With the All-Star festivities in the rear-view mirror and only 24 games remaining in the regular season, the Denver Nuggets are itching to get healthy and begin playing games that matter.

It is hard for players to be hyper-motivated in the games leading up to the All-Star break. Everyone is battling one ailment or another, players and coaches begin to get frustrated with one another after working so closely together for so long, and everyone simply needs a break. Now that Denver has had that reprieve from the daily grind of NBA basketball, it is full steam ahead towards the first round of the playoffs.

While most of the focus is on the potential return of Jamal Murray and Michael Porter Jr. from their respective surgeries, one overlooked aspect of their final stretch of the regular season is the opportunity they have over their last 24 games. Let’s start by taking a look at some facts about the remaining Nuggets schedule.

  • The Nuggets have 24 total games left. They will have 14 of them taking place at Ball Arena and nine of them on the road.
  • Denver has just three back-to-backs left, but two of them are connected by one rest day making it a brutal stretch of four-games-in-five-nights featuring the Golden State Warriors as their opponent for the second night of each back-to-back.
  • The Nuggets have just two road trips left this season; a three-game east coast road trip against the Philadelphia 76ers, Washington Wizards, and Cleveland Cavaliers in mid-March as well as a two-game road trip against the Charlotte Hornets and Indiana Pacers to close out the third month of the year. Inversely, Denver will be in the Mile High City for a stretch of two-or-more-games a total of four times before the regular season comes to a close.
  • Of the final 24 games, only seven of them are against a team currently occupying a top-six seed of either conference. On the other hand, 10 of their upcoming 24 games are against teams currently outside of the play-in tournament and in the bottom tier of their respective conferences. Denver is by no means facing a gauntlet in their push to the playoffs.
  • Denver will have chances to rest their core players before the playoffs arrive if they deem it so.

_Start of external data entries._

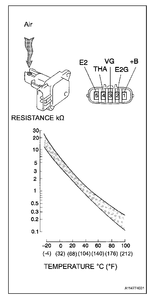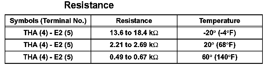 1. Using an ohmmeter, measure the resistance between terminals 4 (THA) and 5 (E2).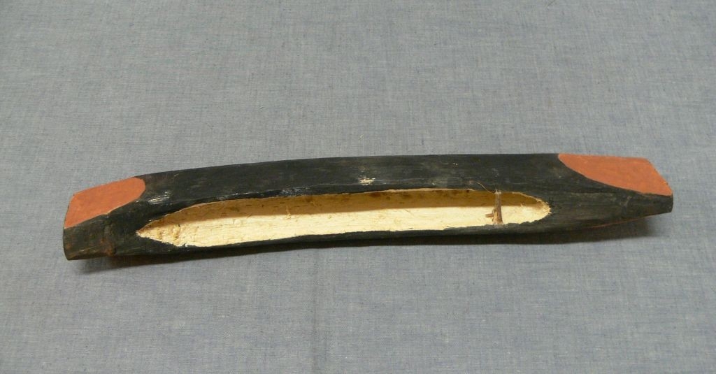 Egy darab puhafából faragott gyermekjáték kenu. Belseje natúr, egy pálcával osztott, külső része fekete, két vége vörösre festett.
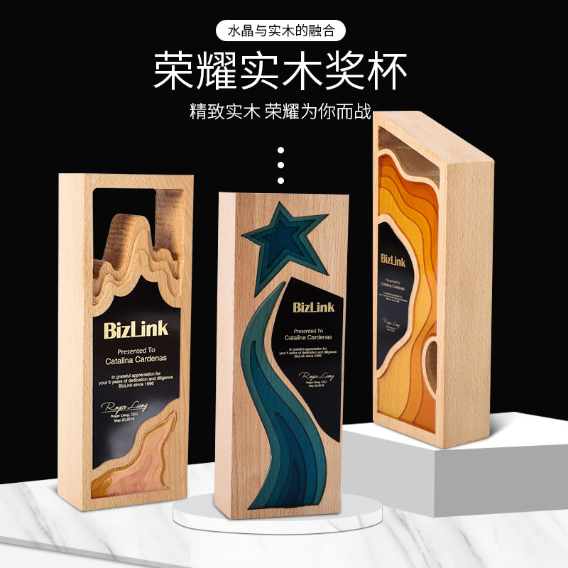 专业定做木质奖杯 创意免费刻字木质纪念品 实木员工荣誉奖...
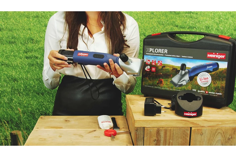 A nagy teljesítményű Heiniger XPLORER akkumulátoros nyírógép lehetővé teszi a vezeték nélküli nyírását.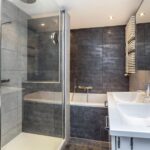De slaapkamers zijn ruim, eveneens modern afgewerkt en voorzien van veel lichtinval. De moderne badkamer is geheel betegeld en uitgerust met een ligbad, een inloop regendouche, een groot wastafelmeubel met dubbele wasbak/kraan, een spiegelkast en een designradiator.

So what does the Nuggets remaining schedule look like and what will the Nuggets record look like by the end of the season? Let’s dive in.

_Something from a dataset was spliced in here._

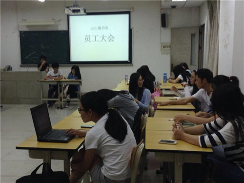 本网讯 2015年4月17日晚,云山逸书亭(南,下简称“逸书亭”)召开了四月份员工大会,会议流程有部门工作汇报、招新活动、勤人节活动总结、大事项汇报以及经理寄语。
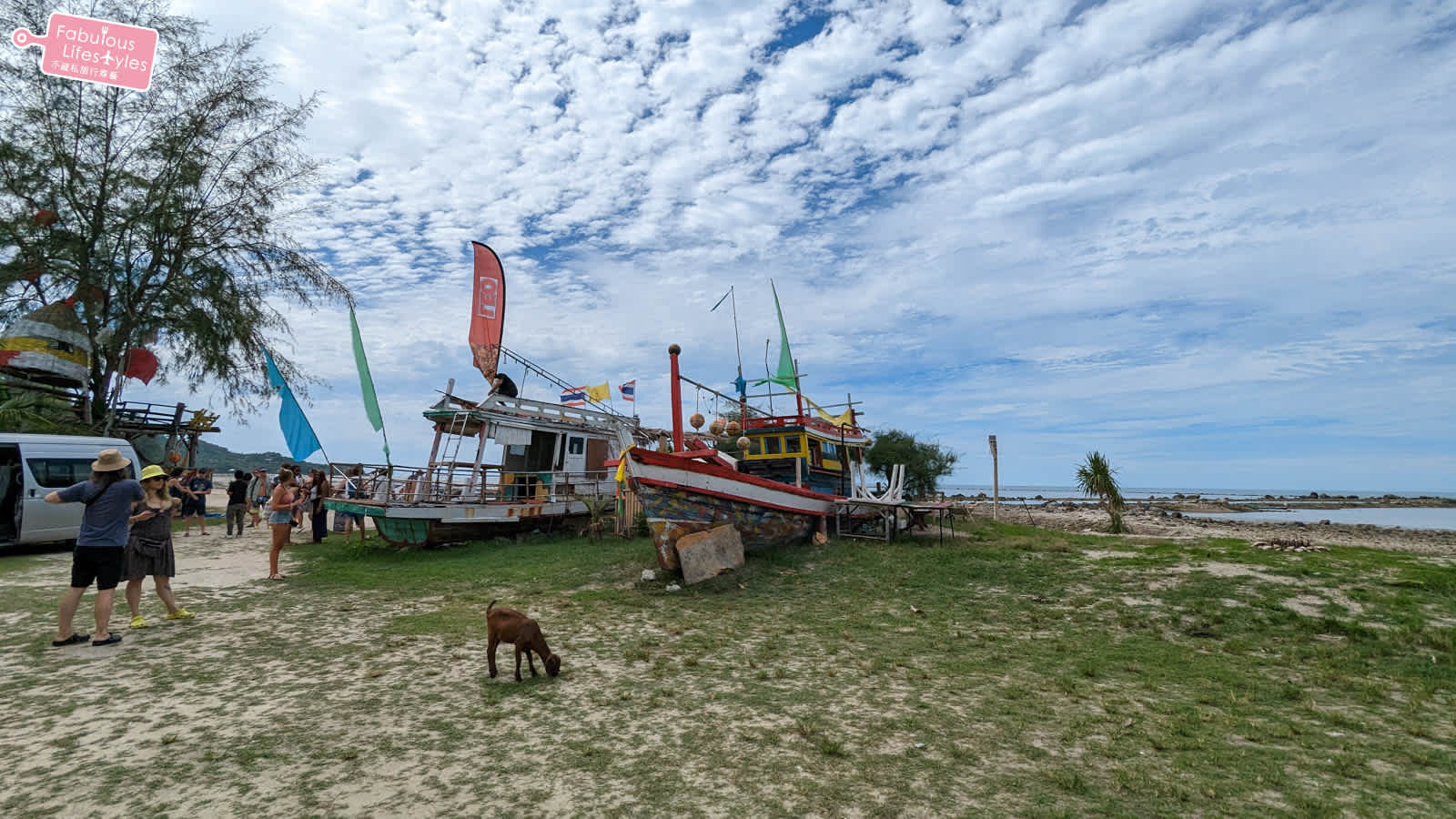 海灘旁還有兩艘色彩鮮艷的船,甚是可愛~

The first nine games after the break

Let’s start with the first nine games the Nuggets will take part in when they resume play on Thursday night.

  • 2/24 @ SAC
  • 2/26 vs SAC
  • 2/27 @ POR
  • 3/2 vs OKC
  • 3/4 vs HOU
  • 3/6 vs NOP
  • 3/7 vs GSW
  • 3/9 @ SAC
  • 3/10 vs GSW

The first two games are a home-and-home set against the new-look Sacramento Kings on Feb. 24 and 26. The Kings sit four losses outside of the 10th seed which would lead to a play-in tournament berth; a clear goal for Sacramento considering they upended most of their roster this trade deadline and moved a highly-valued young lead guard in Tyrese Haliburton in a deal to acquire Domantas Sabonis. That means the Nuggets will get a motivated, rested and more connected Kings team right out of the All-Star break.

After the second matchup with the Kings, Denver flies straight to Portland to take on the Portland Trail Blazers, who were surging behind the play of Anfernee Simons prior to the All-Star break, on the second night of a back-to-back. Still, with Jusuf Nurkic now out for the next month with a left foot injury on top of missing Lillard, the picked-apart Portland roster should be too undermanned to handle the Nuggets.

After their division matchup in Portland, Denver has a four-game homestand over six days against the Oklahoma City Thunder, Houston Rockets, New Orleans Pelicans and the Golden State Warriors, which comes on the second night of a back to back. It would be advantageous for the Nuggets to take care of business against the less talented duo of the Thunder and Rockets in order to rest their core rotation players on either night of the back-to-back against either the Pelicans or Warriors.

To close out their first nine games back, Denver’s back-to-back against the Pelicans and Warriors turns into a brutal four-games-in-five-nights stretch featuring the Kings and the Warriors for the fourth and fifth games respectively. Once again, Denver resting some of their players one either night of the second back-to-back seems likely.

Denver has a great chance to sprint out of the All-Star break straight into a winning streak if they come into the unofficial second half of the season focused. With their first six games coming against inferior opponents, who’s to say they won’t will every one of them and carry a six-game winning streak into their home matchup with the Warriors?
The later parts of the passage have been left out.